On Sep 9, 9:12 am, "metaperl.com" <metap...@gmail.comwrote:

Pyparsing has a really nice feature that I want in PLY. I want to

specify a list of strings and have them converted to a regular

expression.

A Perl module which does an aggressively optimizing job of this is

Regexp::List -http://search.cpan.org/~dankogai/Regexp-Optimizer-0.15/lib/Regexp/Lis...

I really dont care if the expression is optimal. So the goal is

something like:

vowel_regexp = oneOf("a aa i ii u uu".split()) # yielding r'(aa|a|uu|

u|ii|i)'

Is there a public module available for this purpose?

I was about to start a thread about a very similar problem; hope I'm

not hijacking this thread. However I am interested in a solution that

(1) scales to a potentially large number of alternate strings

(hundreds or thousands), which will hit, sooner or later, some max

limit in the builtin regexps and (2) is not limited to strings but can

be used for arbitrary objects. Therefore I am looking for a different

approach, perhaps a specialization of the general regexp search

algorithm.

More formally, given (a) an input sequence I and (b) a set of

'censored' sequences S, find and remove all the sequences in S that

appear in I. For instance, if

S = set([(a,), (a,b), (a,c), (c,), (d,a)])

and

I = (x, a, b, c, y, d, a, b), the filtered sequence would be:

O = (x, y, b)

i.e. the censored subsequences are (a,b), (c,), and (d,a).

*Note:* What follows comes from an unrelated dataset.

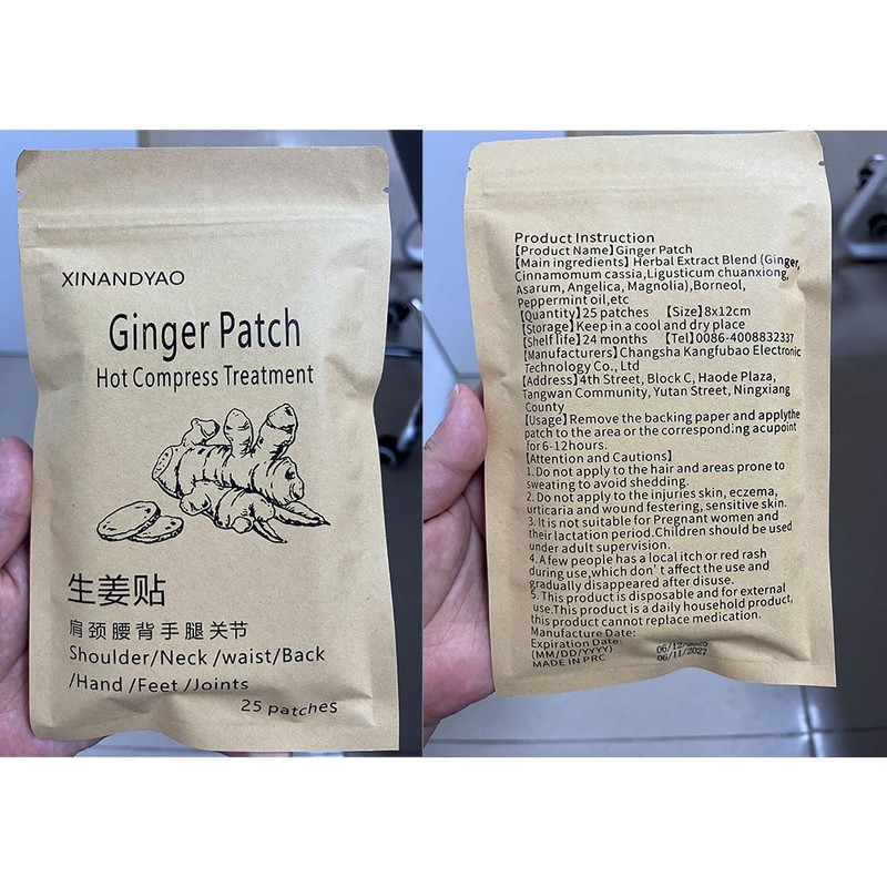 Product use: Clean the affected area, take out one piece of ginger patch and remove the adhesive layer on the patch. Put the ginger patch on the affected area and press gently. Please drink some warm water when using this product. Stick to the same area for two days and stop for another day to let the skin breathe.

As with regexps, if sequence `x` is a prefix of `y`, the longer

sequence `y` wins when both match (e.g. if (a,b) matches, it

supersedes (a,)).

For extra bonus, the algorithm should remove overlapping subsequences

too, i.e. for the input I above, the output would be (x, y) since both

(d,a) and (a,b) would match for (d,a,b).

With respect to complexity, I am mainly interested in len(S); len(I)

is small for my application, typically no more than 10. Of course, an

algorithm that scales decently in both len(S) and len(I) would be even

better. Any ideas or relevant links ?

George

PS: This is not a homework ;)